LN metastasis is significantly associated with poor prognosis, especially in patients diagnosed as RSCC [2]. However, the majority of previous studies evaluated the optimal LN yield based on its association with tumor outcomes and few studies explored the optimal number of LNs examined to detect node positivity [4, 7,8,9,10,11,12,13]. We performed an outcome-oriented approach for these two outcomes of interest, to comprehensively evaluate the optimal LN yield in patients with stage II RSCC. The aim of this study was to identify the optimal cut-off point that maximizes survival benefit and minimizes the risk of disease understaging.
Materials and methods
Cancer data were obtained from the Surveillance, Epidemiology, and End Results (SEER) program, which is a large population-based cancer registry sponsored by the National Cancer Institute (NCI). The SEER catchment area covers approximately 28% of the US population. SEER collects and updates de-identified data regarding cancer incidence, clinicopathological characteristics, treatment modalities, and survival from 18 participating population-based cancer registries annually [19]. This retrospective study used publicly available data from 2006 through 2015 from the SEER program (the SEER 18 Registries, April 2018 released) [20].
Study population
The study population included all patients who underwent radical surgical resection for primary stage II (T3-4N0M0) RSCC in 9 SEER cancer registries. Patients diagnosed as T3-4N1-2M0 RSCC were also enrolled into our study to evaluate the optimal LN yield for the detection of LN positivity. According to the International Classification of Disease for Oncology (ICD-O-3), patients with histological confirmation were identified by topography code (comprising of cecum, appendix, ascending colon, hepatic flexure, and transverse colon, C18.0 to C18.4) and histological type/behavior code (9140/3, 9480/3, and 9490/3). Tumor stage was restaged according to the 8th edition of the American Joint Committee on Cancer (AJCC) TNM staging system. The evaluation of T category, number of LNs examined, and LNs status was based on the pathological examination of surgical specimens. We analyzed age at diagnosis as a categorical variable (three categories: 50 years or younger, 51 to 70, and older than 70). Tumor size was dichotomized at 50 cm for simplicity. Patients with unclear information pertaining to tumor stage, number of LNs examined, or positive node count were excluded, as were those treated with local resection or total colectomy. To improve the predictive accuracy of survival models, patients with colon cancer that were not the first malignancy were also excluded in survival analyses. A population-based validation was performed to assess the reliability and reproducibility of the optimal LNs cut-off point in the other 9 SEER cancer registries (including Connecticut, Detroit, Atlanta, San Francisco-Oakland, Hawaii, Iowa, New Mexico, Seattle-Puget Sound, and Utah cancer registries).
Statistical analysis
We adopted an outcome-oriented approach to explore the optimal LN yield associated with the prognosis and LN positivity. Using varying thresholds for the number of LNs examined, the crude 5-year CSS rates were respectively calculated from Kaplan–Meier curves and standardized log-rank statistics were estimated using the log-rank test. According to the method previously described [21, 22], the optimal cut-off point of number of LNs examined was identified with the maximum value of absolute log-rank statistics. Multivariate Cox proportional hazards regression model was fitted to evaluate the association between LN harvest and cancer-specific survival. Additionally, a logistic regression model was also used to evaluate the association between LN harvest and relative risk of node positivity. Then, the corresponding covariate-adjusted hazard ratio (HR) and odds ratio (OR) were respectively estimated across the number of LNs examined to confirm the validity and feasibility of identified LN cut-off point.

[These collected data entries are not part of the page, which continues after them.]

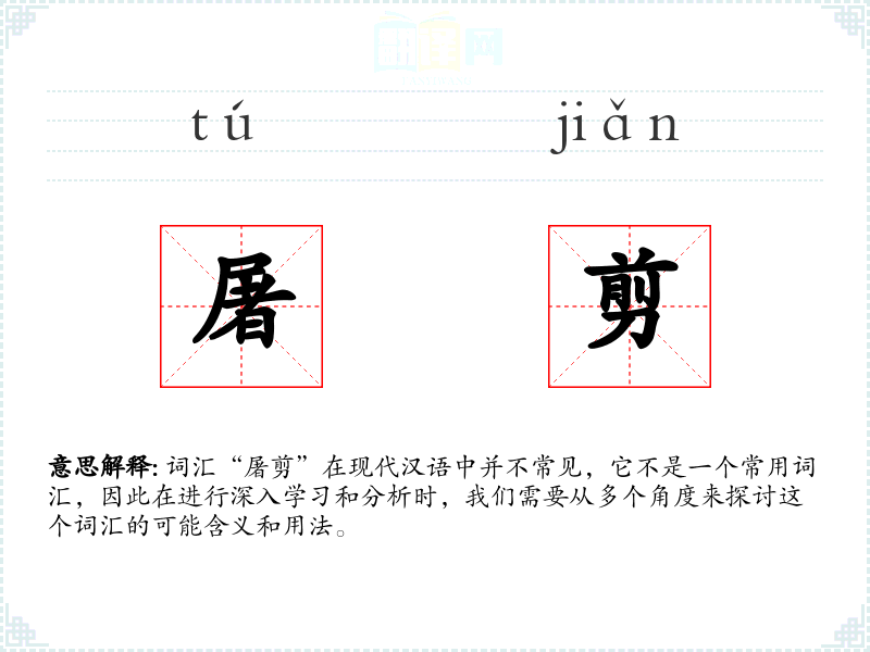 “屠剪”字面意思可能是指用于屠宰的剪刀,或者是与屠宰相关的剪切动作。然而,由于这个词汇并不常见,它的确切含义可能需要结合具体语境来确定。
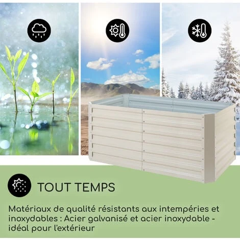 PROTECTION CONTRE LES INTEMPÉRIES : Le bac surélevé est solidement protégé contre toutes les formes d’intempéries grâce à un cadre en alliage zinc-aluminium spécialement conçu, un solide revêtement pour protéger le bac en toute saison.
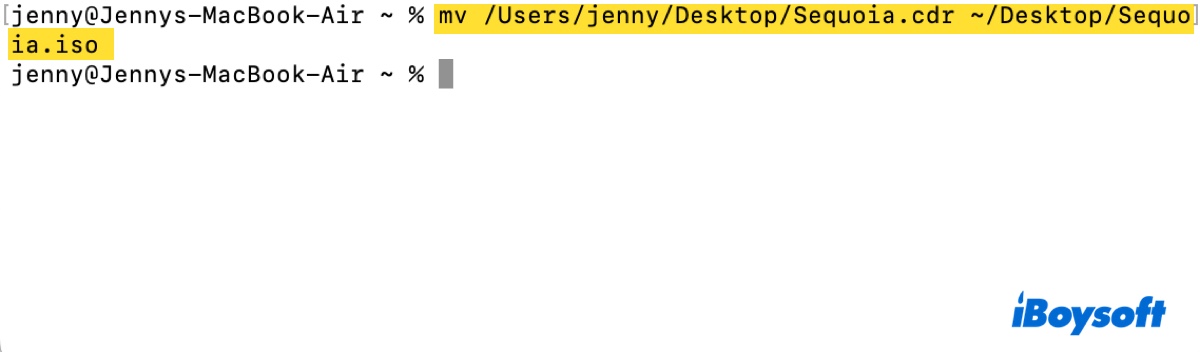 mv yazın, bir boşluk bırakın, sonra .cdr dosyasını Terminal'e sürükleyin ve bırakın, dosya yolunu almak için bir boşluk bırakın, sonra ~/Desktop/xxx.iso yazın ve Enter'a basın. Son komut şuna benzer olabilir: mv /Users/jenny/Desktop/Sequoia.cdr ~/Desktop/Sequoia.iso - 7. Masaüstünüzde macOS ISO dosyasını bulun.
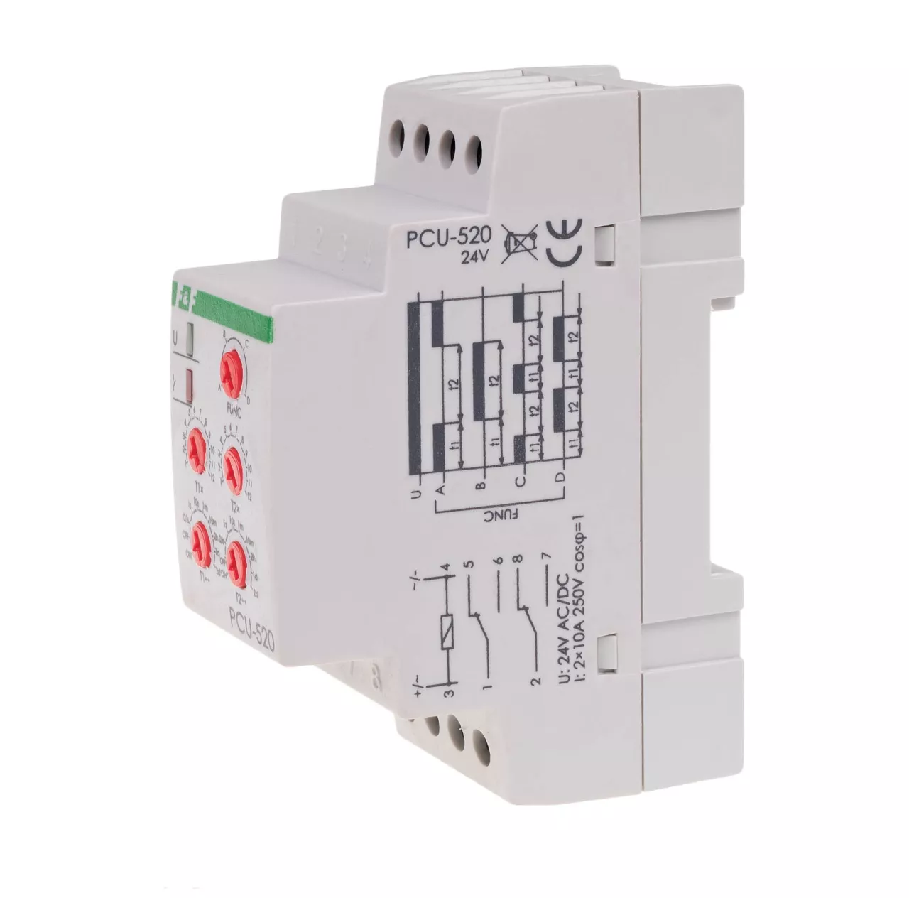 Przekaźnik czasowy 2-funkcyjny (nastawa 2 czasów T1 T2, styk: 2xNO/NC 24V
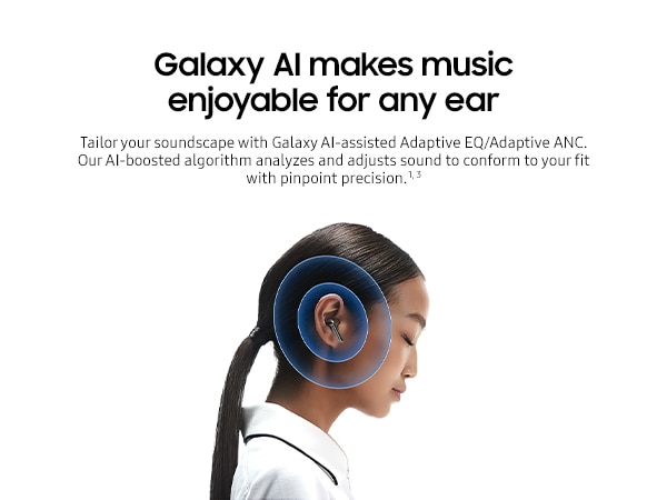 Skreddersy lydbildet ditt med Galaxy AI-assistert Adaptive EQ/Adaptive ANC. Vår AI-forsterkede algoritme analyserer og justerer lyden for å tilpasse seg til din passform med ekstrem presisjon. 1, 3

After stratifying patients based on the identified cut-off point (value N), comparisons of clinicopathologic characteristics between patients from the two LN categories were performed. Factors associated with LN harvest were explored by bivariate logistic regression. Adequate LN yield in stage II colon cancer was defined as 12 or more nodes examined according to the recommendations of AJCC [5]. Accordingly, we further categorized patients based on the number of LNs examined in a narrower range (fewer than 12, 12 to (N-1), and N or more nodes). Subgroups were compared using Wilcoxon rank-sum test for continuous variables and using chi-squared test for categorical variables. The log-rank test was used to determine statistical differences between the survival curves of patients from different LN categories in both derivation and validation cohorts. Cox proportional hazard and logistic regression models adjusted for the novel LN categorization were fitted to validate the optimization of LN yield in terms of long-term survival and node positivity.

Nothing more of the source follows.